Exercise:
Only the lines from the one with "Der Nistkasten verfügt" through the last line of the data below are to be duplicated, exactly and without pictures.

Extracted information:
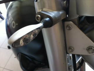 In den nächsten Tagen kribbelte es wieder in meinen Fingern; die Blinker der Moto gefielen mir nicht so richtig. Tagsüber sieht man sie kaum und wenn Omi mal hinter mir fährt und mit 9,5 Dioptrien eh recht wenig sieht, sollten meine Blinker doch was hermachen. Polo, Louis und Hein hatten sehr schöne Sachen im Regal, aber Standardmäßig wollte keiner der Blinker passen. Gibt’s doch wieder nicht dachte ich mir. Philippe, wenn ich Dich erwische, warte Bürschchen, was hast Du Dir nur bei der Konstruktion gedacht? Ich schaute im Netz, was es sonst noch gibt. Kellermann, allseits bekannt und in der Nähe von Aachen ansässig, hatte sehr schöne Micro 1000 im Programm. Sehr schön, sehr hell, sehr gut verarbeitet und sehr teuer. Leider auch ohne passenden Adapter, mit dem ich die Dinger vorne befestigen könnte. Hinten würde mir ja noch was einfallen, aber vorne? Herrjeh! Die Befestigung an der Gabelbrücke ließ mich verzweifeln. Weder der Service von Kellermann wusste Rat, noch in den Zubehörläden von Gericke bis Polo hatte man eine Idee. Eine kleine Krise baute sich zwischen meiner Süßen und mir auf. Als ich an einer roten Ampel halten musste, stand plötzlich eine Duke neben mir. Nicht nur dass der Typ schicke kleine Blinker hatte, nee der hatte auch noch blitzende Stahlflex Bremsleitungen. Bevor ich ihn ansprechen konnte war es grün, die Duke auf und davon und ich hatte immer noch keinen Plan. Ich setzte einen Hilferuf im Moto 6.5 Forum ab. Gleich am nächsten Tag hatte ich Post von einem gewissen Joe Klugmann. Joe hatte mir Fotos aus Metall gefräster Adapter für die Moto gesendet. Das sah 1a aus. Ich mailte und fragte ihn, wie und wo er die schönen Teile bekommen hatte und wie ich denn an so etwas kommen könnte. Ein paar Tage später bekam ich wieder Post von Joe. Er schrieb mir, wie er seinerzeit vorgegangen war. Danke Joe! Da ich keine Drehbank mehr zur Verfügung hatte, musste ich nach einem Fachbetrieb Ausschau halten, der mir helfen konnte. Ich suchte im Münchner Umland einen Fräsbetrieb, der mir vier kleine Adapter fräsen würde. Das stellte sich als gar nicht so leicht heraus, da die meisten Unternehmen nur noch Großserien fertigen wollten und ihnen vier kleine Adapter als zu profan erschienen. Na ja, wenn man vor Kraft nicht mehr laufen kann, dachte ich mir..
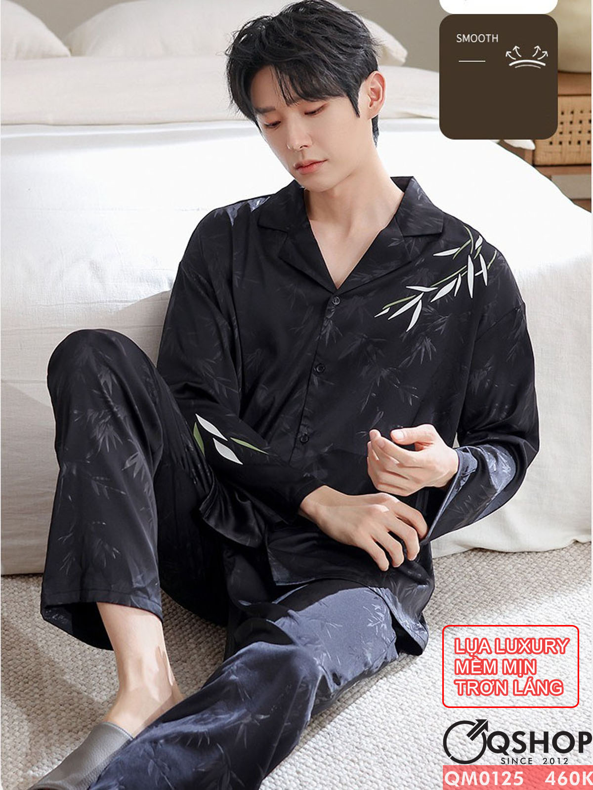 Bộ đồ ngủ Pijama nam lụa luxury mềm mịn sang trọng tay dài quần dài QM0125
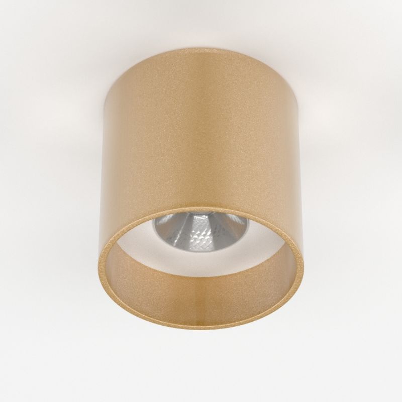 Светильник накладной ULIGHT Roll Цвет: золотой. Цвет декоративной: белый. Мощность: 12W. CRI: 90. Напряжение: 220V(встроенный драйвер). Цветовая температура: 3000К. Световой поток – 960Lm. Угол свечения 50 град. Размеры: ?80*80. Гарантия 5 лет
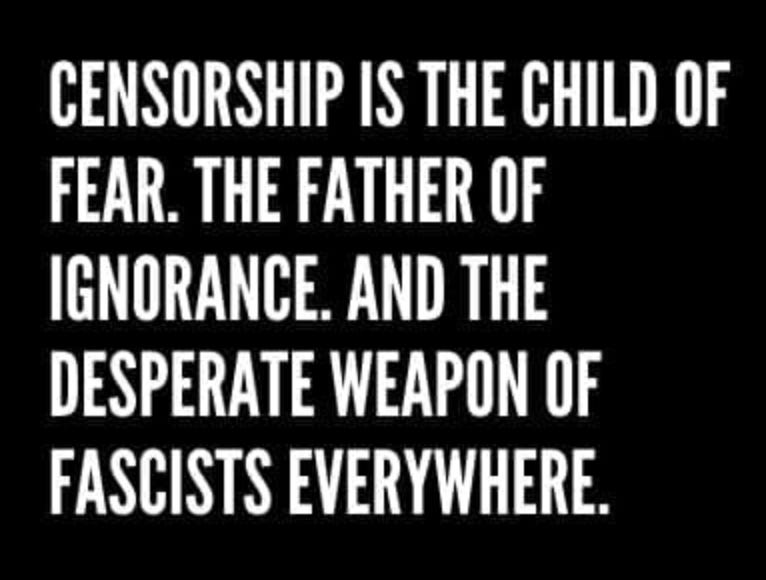 Censorship robs Us of Our freedom to communicate, and defrauds the Ones kept from data. Indeed, censorship is grossly unEthical.
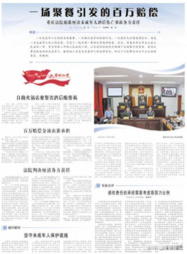 重庆,7名高一学生相约在自助火锅店AA聚餐,期间大量饮酒,又酒后无证驾驶摩托车,最终导致一名学生死亡,这起由未成年人自助聚餐、缺乏监管饮酒及酒后无证驾驶引发的纠纷案,经一审、二审,最终明确了各方的责任。 事发当天,这7个高一学生,本是去自助火锅店聚餐,店里酒水饮料混放,除了一个人没喝,其余6人都喝了三瓶以上啤酒。 聚餐结束后,部分同学先走了,小伟喝了酒,还无证驾驶无牌摩托车,载着小诚就走了。 结果路上出了碰撞,小诚受伤严重,送到抢救,也没救过来。 小诚父母觉得火锅店有问题,违法卖酒给未成年人,这才发生了悲剧,而且其他同学也没尽到提醒义务,得为此事负责。 火锅店可不这么想,他们店里已经广播提示了,不能向未成年人卖酒,小诚出事和店里没有直接因果关系,不应该担这么大责任。 小伟觉得小诚的父母监护不力,小诚自己有责任,明知道小伟喝了酒还坐他的,同行者也没尽到照护义务,不能光怪自己。 小翌、小龙说,聚餐是AA制,大家就是一起吃个饭,和酒驾这事没关系,不应该担责任。 小卓、小辉却说自己早就离开了,根本没法预见后面会发生这些事,不应该被牵连。 从情感上来说,小诚父母失去孩子,肯定痛苦,肯定希望有人能为孩子的事负责,其他各方也都有自己的理由,都不想担这个责任。 具体到本案,各方的行为,都需要用法律来衡量,看看谁该担责,担多少责。 根据《未成年人保护法》第五十九条规定,经营者应当在显著位置设置不向未成年人销售烟、酒或者彩票的标志;对难以判明是否是未成年人的,应当要求其出示身份证件。 火锅店把酒水饮料混放,还卖给未成年人,没有尽到应有的注意义务。 虽然广播提示了,但实际行为还是违反了法律。小诚出事和火锅店违法售酒有一定关联,所以火锅店应该担责。 小伟酒后无证驾驶无牌摩托车,还载着小诚,这是严重违反交通法规的行为。 《民法典》第一千一百六十五条规定,行为人因过错侵害他人民事权益造成损害的,应当承担侵权责任。 小伟的过错行为,直接导致了小诚的S,存在重大过错,应承担主要赔偿责任。 小龙、小翌,他们和小诚一起聚餐,虽然聚餐是AA制,但作为同伴,有相互照顾的义务,他们没有尽到这个义务,对小诚的S也有一定过错。 《民法典》第一千一百七十二条规定,二人以上分别实施侵权行为造成同一损害,能够确定责任大小的,各自承担相应的责任;难以确定责任大小的,应平均承担责任。 小诚自己,他作为未成年人,应该知道酒后坐车的危险性,但他还是坐了小伟的车,自身也有一定过错。 他父母作为监护人,没有尽到充分监护职责,也应承担一定责任。 小卓、小辉先离开了,应该担责吗? 从法律角度看,他们离开时,聚餐已经结束,对后续小伟酒后驾车这件事,他们确实无法预见和控制,没有过错行为,所以不应该担责。 火锅店已经广播提示了,为什么还要担责呢? 虽然广播提示了,但火锅店在实际经营中,没有严格遵守法律,把酒卖给了未成年人,这种行为本身就是违法的,不能因为广播提示了就免除责任。 最终,一审法院判决:火锅店担责10%,赔10.9万元;小伟担责40%,赔43.4万元;小龙、小翌各担责5%,分别赔5.45万元;小诚自身担责25%;其监护人担责10%。 火锅店上诉被驳回,最终,二审维持原判。
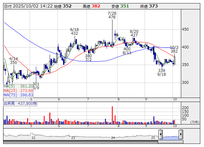 4888>は動意づいている。この日午後2時ごろ、自社製品の新たな製造委託先として選定した国内事業会社(社名非開示)との間で、長期的な安定供給を目的とした製造体制の構築に向けて開発委受託契約を締結したと発表した。既存の委託先の1社と取引が停止することになったため。新たな製造委託先からの製品出荷には製造所移管に伴う医薬品製造販売承認事項一部変更承認申請が必要となり、既に厚生労働省と申請の迅速化を含む協議を始めているという。これが材料視されているようだ。
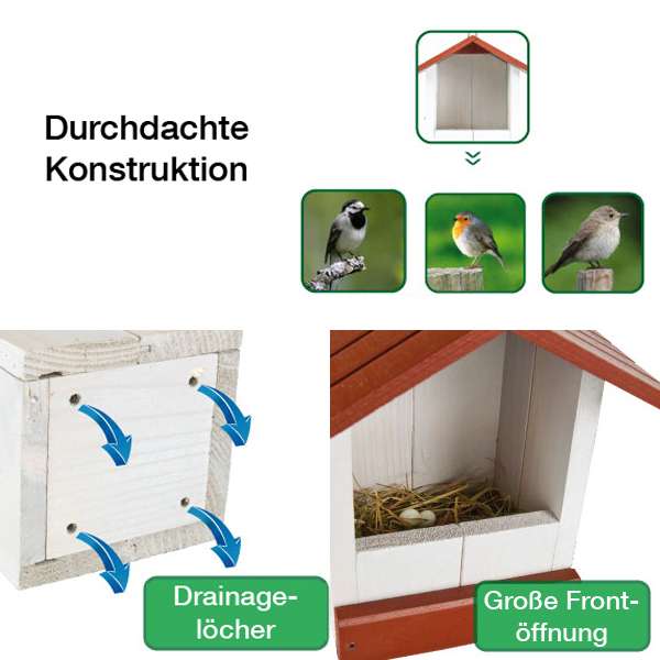 Der Nistkasten verfügt über eine große Frontöffnung.
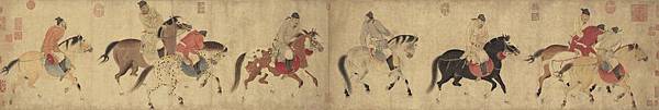 《五王醉歸圖》卷用的是宋代紙本,高三十五點五釐米,長二百一十二點五釐米。 描繪的是登基之前的唐明皇李隆基與他的四個兄弟出遊飲酒,醉後騎馬歸途中的情景。
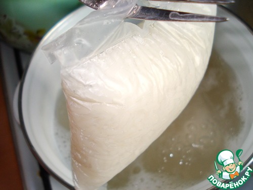 А вот и рис сварился. Достаем пакетик и даем стечь воде. Аккуратно вскроем пакетик сбоку и выложим рис на тарелку.

Task response:
 Der Nistkasten verfügt über eine große Frontöffnung.
 《五王醉歸圖》卷用的是宋代紙本,高三十五點五釐米,長二百一十二點五釐米。 描繪的是登基之前的唐明皇李隆基與他的四個兄弟出遊飲酒,醉後騎馬歸途中的情景。
 А вот и рис сварился. Достаем пакетик и даем стечь воде. Аккуратно вскроем пакетик сбоку и выложим рис на тарелку.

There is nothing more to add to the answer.